10 TO MIDNIGHT seems like a film that inspired filmmakers like David Fincher (SE7EN, which the movie has a lot in common with). It seemingly has Fincher’s style of narrative, which cuts out the fat and focuses on the good bits only. Even the film’s most ridiculous moments are great. Take, for instance, one sequence where Bronson’s character’s partner (a terrific Andrew Stevens) kicks open a door thinking he’s discovered the killer caught in the act. However, it’s just a couple at a party engaging in some sexual activity. How Stevens’ character reacts to that situation will have you in stitches.
So, the movie has a little bit of everything — romance, comedy, drama and horror. And how it weaves in and out of those genres is outstanding.
Extras: The Scream Factory Collector’s Edition (now available on Blu-ray through shoutfactory.com/shop) includes a cardboard slipcover and reversible cover art designed by Joel Robinson. It also includes a 4K scan of the original camera negative (although, there are a few parts where certain angles have a strobe effect from a poor rendering); new interviews with actors Andrew Stevens (he has some good stories about working alongside Bronson), Robert F. Lyons and Jeana Tomasina and producer Lance Hool; a new and insightful commentary by author Paul Talbott; audio commentary with filmmakers and a film historian; a theatrical trailer; radio spots and a still gallery.
Not rated, 96 minutes.
Director: Richard Donner
Cast: Linda Blair, Verna Bloom, William Daniels, Mark Hamill, Larry Hagman and Michael Lerner
In 1975, director Richard Donner (THE GOONIES) took what would’ve been a throwaway made-for-TV movie and crafted a rather exceptional film that raises awareness about teenage alcoholism.
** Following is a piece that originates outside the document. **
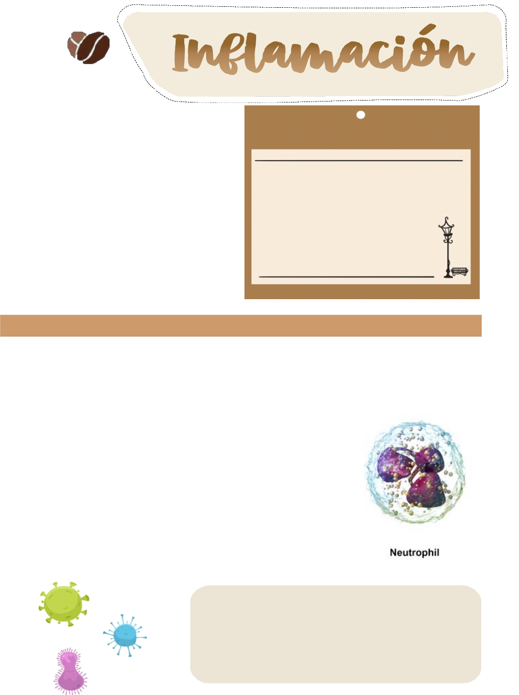 Inflamación Es una respuesta defensiva del huésped ante invasores extraños y tejido necrótico, aunque, por sí misma, también puede ser capaz de ocasionar lesiones tisulares. ⚫ Los principales componentes de la inflamación son una reacción vascular (salida de elementos formes (leucocitos y eritrocitos) a través del vaso) y una respuesta celular; ambas se activan gracias a mediadores derivados de proteínas plasmáticas y diversas células. ⚫ La evolución de la inflamación aguda puede ser eliminación del estímulo nocivo, seguida de una reducción de la reacción y reparación del tejido lesionado o de daño persistente con inflamación crónica. ⚫ Pasos de la respuesta inflamatoria (Las cinco R) 1) reconocimiento del agente lesivo 2) reclutamiento de los leucocitos 3) retirada del agente 4) regulación (control) de la respuesta 4) resolución (reparación). INFLAMACIÓN AGUDA Permite la Llegada rápida de leucocitos y proteínas plasmáticas al lugar de la lesión. Cuando llegan, los leucocitos eliminan los invasores e inician el proceso de digestión para liberarse de los tejidos necróticos La inflamación aguda tiene dos componentes fundamentales Cambios vasculares --> alteraciones en el calibre de los vasos (incrementan el flujo de sangre (vasodilatación) y cambios en la pared vascular (permiten la salida de la circulación de las proteínas plasmáticas (aumento de la permeabilidad vascular)). Acontecimientos celulares --> migración de los leucocitos desde la circulación y su acumulación en el foco de la lesión (reclutamiento celular), seguida de la activación de leucocitos, que les permite eliminar el agente lesivo. Los principales leucocitos en la inflamación aguda son los neutrófilos (leucocitos polimorfonucleares). Se da de forma abrupta, tiene 4 elementos característicos: Calor• Rubor• Dolor• Tumor (cambia por el termino tumefacción) • Estímulos para la inflamación aguda Infecciones (bacterianas, fúngicas, víricas, parasitarias) Traumatismos Necrosis tisular Cuerpos extraños Reacciones inmunitarias PATOLOGIA página 9 INFLAMACION Salpingitis ---> I. de las trompas de Falopio Colpitis ---> I. de la vagina Cerebritis ---> I. localizada en el cerebro Encefalitis ---> I. de todo el encéfalo Ooforitis ---> I. de los ovarios Orquitis ---> I. de los testículos Granulocitos de 3 tipos Neutrófilos (No se tiñen con hematoxilina eosina) • Eosinófilos (Se tiñen de rojo con hematoxilina eosina) • Basófilos (Se tiñen de azul con hematoxilina eosina) • Monocitos ---> Macrófagos Residentes (se mantienen quietos)a. Funcionalesb. • Linfocitos• Fibroblasto• Estos deben estar en contacto con la matriz extracelular (MEC) la cual constituyen. Aumento de eosinófilos --->Eosinofilia (alergias y parasitosis) Disminución de eosinófilos ---> Eosinopenia Aumento de neutrófilos ---> Neutrofilia Disminución de neutrófilos ---> Neutropenia (disminución de la funcionalidad de sus movimientos) El proceso inflamatorio se caracteriza por la salida del líquido al intersticio y por la salida de una parte de los elementos formes Después de un golpe ---> Vasoconstricción momentánea producida por las células cebadas que se rompen y liberan una proteína (histamina), luego de esto ocurre una vasodilatación) Concentración de proteína < 1012 ---> Trasudado Concentración de 1020 ---> Exudado Edema ---> Acumulación de líquido intravascular por fuera de los vasos Quemaduras ---> Producción de trombos Cuantificando la cantidad de proteínas podemos saber si hay un proceso inflamatorio >= 1020 (Si) < 1020 (NO) Diapédesis ---> Proceso de migración del neutrófilo hacia la bacteria que detecta PATOLOGIA página 10 MOLECULAS DE ADHESION Selectinas (endotelio), P selectinas (endotelio y plaquetas), L selectina (leucocitos)• Inmunoglobulinas I-CAM (molécula de adhesión intracelular, median interacciones heterofilias independientes de Ca2+ en células endoteliales) ○ V-CAM (no permite adhesión entre célula y célula sino de célula a membrana basal, median interacciones heterofilias independientes de Ca2+ en células endoteliales, macrófagos y células inmunitarias) ○ P-CAM (median interacciones heterofilias independientes de Ca2+ en células endoteliales, leucocitos y plaquetas) ○ N-CAM (median interacciones heterofilias independientes de Ca2+ en células nerviosas (gliales y neuronas) ○ • Integrinas ---> Son mediadoras de las interacciones célula-célula y célula-matriz• Óxido Nítrico (NO Células que lo producen ---> células del sistema nervioso (neuronas y macrófagos) Vasodilatador Acción de segundos ---> relaja el musculo liso Activación de las colagenasas por necesidad de romper la membrana basal Nicotinamida adenina dinucleótido fosfato (NADPH) ---> Forma oxidasa ---> que forma peróxido de hidrogeno Los neutrófilos producen su propia agua oxigenada para combatir las bacterias La unión de mieloperoxidasa y peróxido de hidrogeno es el mayor bactericida de nuestro organismo Neutrófilos producen engrosamiento del vaso En casos de emergencia el organismo a veces también envía neutrófilos inmaduros PATOLOGIA página 11 El proceso inflamatorio se caracteriza por la salida del líquido al intersticio y por la salida de una parte de los elementos formes Después de un golpe ---> Vasoconstricción momentánea producida por las células cebadas que se rompen y liberan una proteína (histamina), luego de esto ocurre una vasodilatación) Concentración de proteína < 1012 ---> Trasudado Concentración de 1020 ---> Exudado Edema ---> Acumulación de líquido intravascular por fuera de los vasos Quemaduras ---> Producción de trombos Cuantificando la cantidad de proteínas podemos saber si hay un proceso inflamatorio >= 1020 (Si) < 1020 (NO) Diapédesis ---> Proceso de migración del neutrófilo hacia la bacteria que detecta PATOLOGIA página 12 INFLAMACIÓN CRÓNICA Proceso prolongado que puede durar toda la vida, general

It stars THE EXORCIST’s Linda Blair as a 15-year-old who is struggling to fit in and turns to alcohol to drown her sorrows. But it’s much more than, too.
Although the film can be very dramatic at times (given that it’s a TV movie), it makes up for the fact by delving into complicated human relationships, the plight to find one’s identity and the negative effects alcohol can have. It’s a pretty daring movie, to say the least, most notably toward the end of the film where we reach rock bottom with our main character. I honestly don’t know if I will be able to shake one image, in particular, that involves a horse. It doesn’t hold back in its delivery of the truth, and that makes it super admirable. It should be mandatory viewing in high schools.
Extras: The Shout Factory release (now available on Blu-ray through shoutfactory.com/shop) includes new interviews with Linda Blair (she talks about her career shift from THE EXORCIST to this and how she approached the character) and director Richard Donner and producer David Levinson (an enjoyable convo about how the film came to be and how it shaped into the bold film that it is).